The systematic review identified 317 records from multiple databases using a comprehensive search strategy. After the removal of 52 duplicates and 15 ineligible records (10 due to insufficient data and 5 for other reasons), 250 studies were subjected to title and abstract screening. During this process, 200 studies were excluded based on irrelevance to the research question or non-empirical design. Subsequently, 50 full-text articles were assessed for retrieval, but 5 could not be accessed due to unavailable data or publication restrictions. Ultimately, 45 studies were assessed for eligibility, and 14 studies met the inclusion criteria.^36–49 These studies were included in the meta-analysis, representing a robust dataset for evaluating the diagnostic and therapeutic efficacy of AI technologies in psychiatry (Figure 1).

Study characteristics

The 14 studies included in the analysis represented diverse methodologies, populations, and applications of AI in psychiatry (Table 2). Sample sizes ranged from 21 to 142,432 participants, with studies addressing psychiatric conditions such as depression, schizophrenia, and bipolar disorder. The AI techniques employed included ML algorithms (e.g., support vector machines, random forests), DL techniques (e.g., convolutional and recurrent neural networks), and hybrid models combining multiple AI approaches.^36–49 Outcomes were classified into two primary categories: diagnostic accuracy and therapeutic efficacy, with most studies reporting data on both aspects. The studies were conducted across various clinical and geographical contexts, contributing to the generalizability of findings. Additionally, the timeline of the studies reflected an increasing trend in the adoption of advanced AI models over the years, particularly DL and hybrid approaches. This evolution aligns with technological advancements and growing interest in AI integration within psychiatry.

Quality assessment

Figure 2 highlights the distribution of low, unclear, and high risks across multiple domains, including random sequence generation, allocation concealment, and selective reporting. Most studies demonstrated low risk in random sequence generation, while high risk was predominantly observed in the domains of blinding and incomplete outcome data. The summary across 14 studies (Figure 6) indicates that 70% of the studies had low risk in key areas, supporting the reliability of their results.

Diagnostic accuracy

The forest plot of diagnostic accuracy (Figure 3) synthesizes effect sizes and 95% confidence intervals (CIs) across 14 studies that investigated the performance of AI models in diagnosing psychiatric disorders. The pooled effect size for diagnostic accuracy was 0.85 (95% CI: 0.80–0.87), indicating a high level of precision achieved by AI technologies. Individual studies demonstrated varying effect sizes, with ML models consistently achieving higher performance metrics. For instance, Morales et al. and Kalmady et al. reported effect sizes close to the upper limit of the pooled estimate, highlighting the effectiveness of ML approaches in extracting diagnostic insights from structured datasets such as clinical records and neuroimaging.^37,48

Figure 3.

Diagnostic accuracy—forest plot of effect sizes with 95% CIs.

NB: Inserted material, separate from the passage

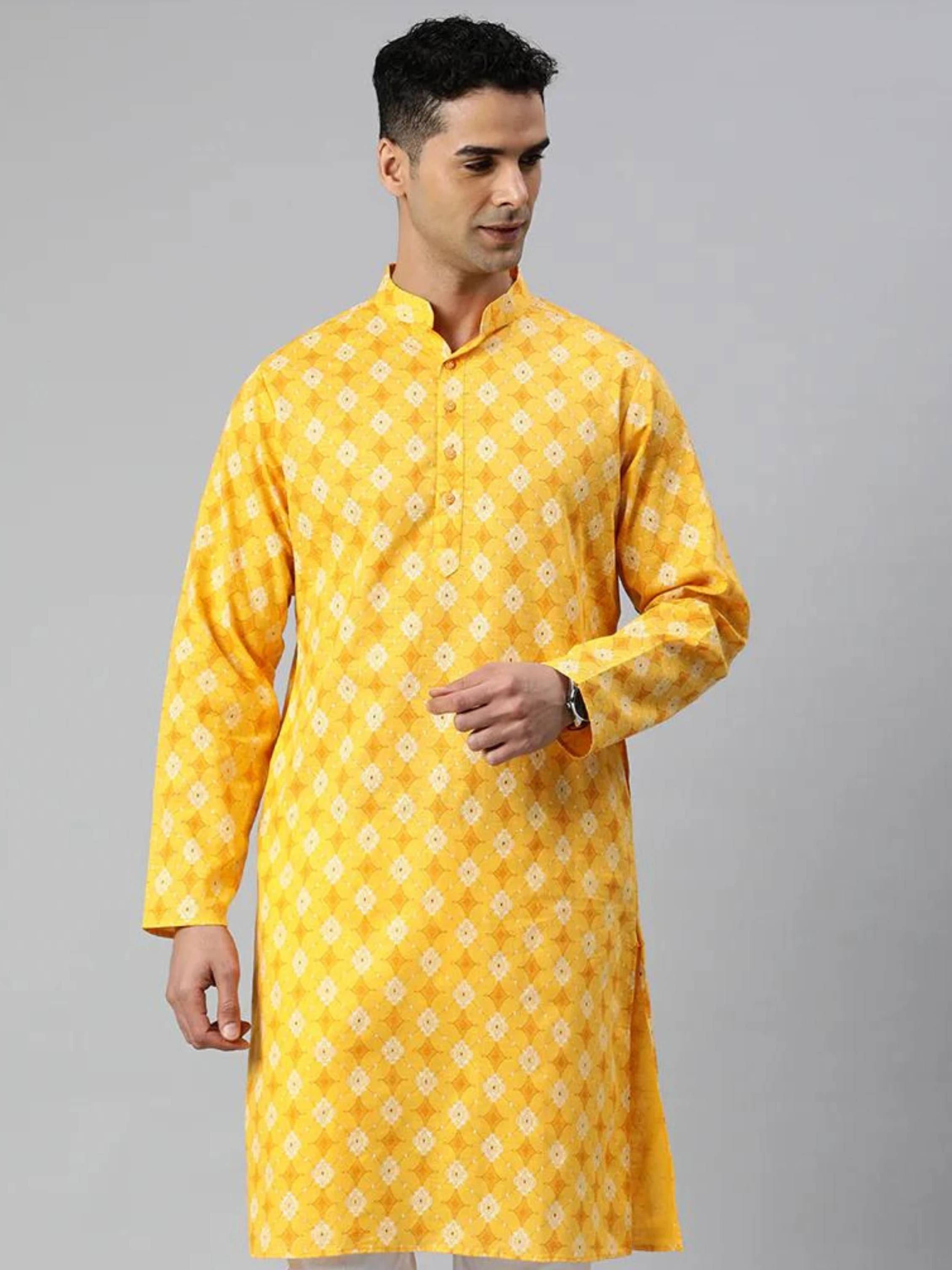Celebrate in style thanks to the printed motifs featured across the kurta’s surface. These lively patterns lend a festive vibe suited perfectly for joyful occasions like Haldi ceremonies. Enjoy how these designs effortlessly enhance traditional appeal without feeling overwhelming, keeping things simple yet cheerful for every gathering.
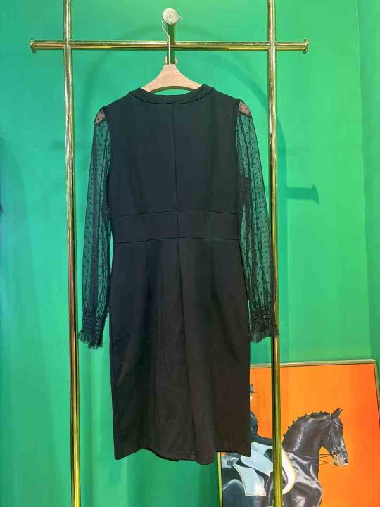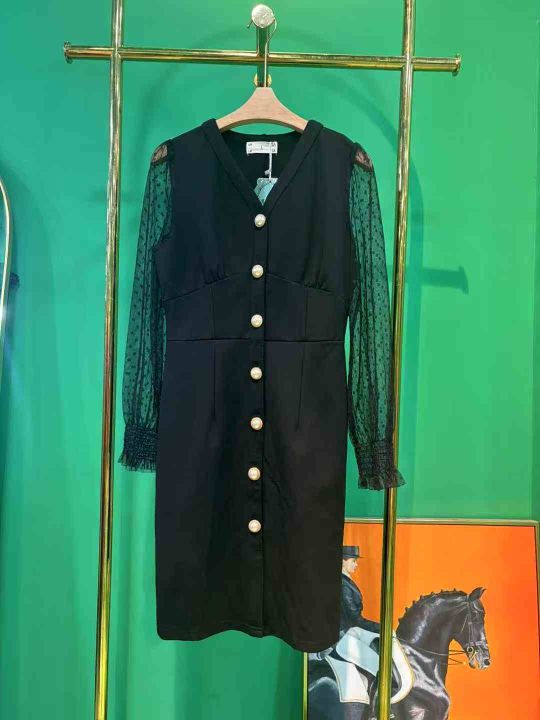 130件左右春秋新款气质黑色设计感泡泡袖V领修身中长款连衣裙!尺码S-XL高弹力!专柜品质!独立包装!全清13.8

Subgroup analysis revealed differences in diagnostic performance based on the type of AI model utilized. ML models achieved the highest pooled diagnostic accuracy (effect size = 0.85), followed by hybrid models (effect size = 0.84) and DL techniques (effect size = 0.82). These findings underscore the robust ability of ML algorithms to process structured psychiatric data and identify patterns indicative of psychiatric conditions. Hybrid models demonstrated comparable performance, excelling in integrating diverse data sources such as biomarkers and neuroimaging, while DL techniques, despite excelling with complex and unstructured data, showed slightly lower diagnostic accuracy in this analysis.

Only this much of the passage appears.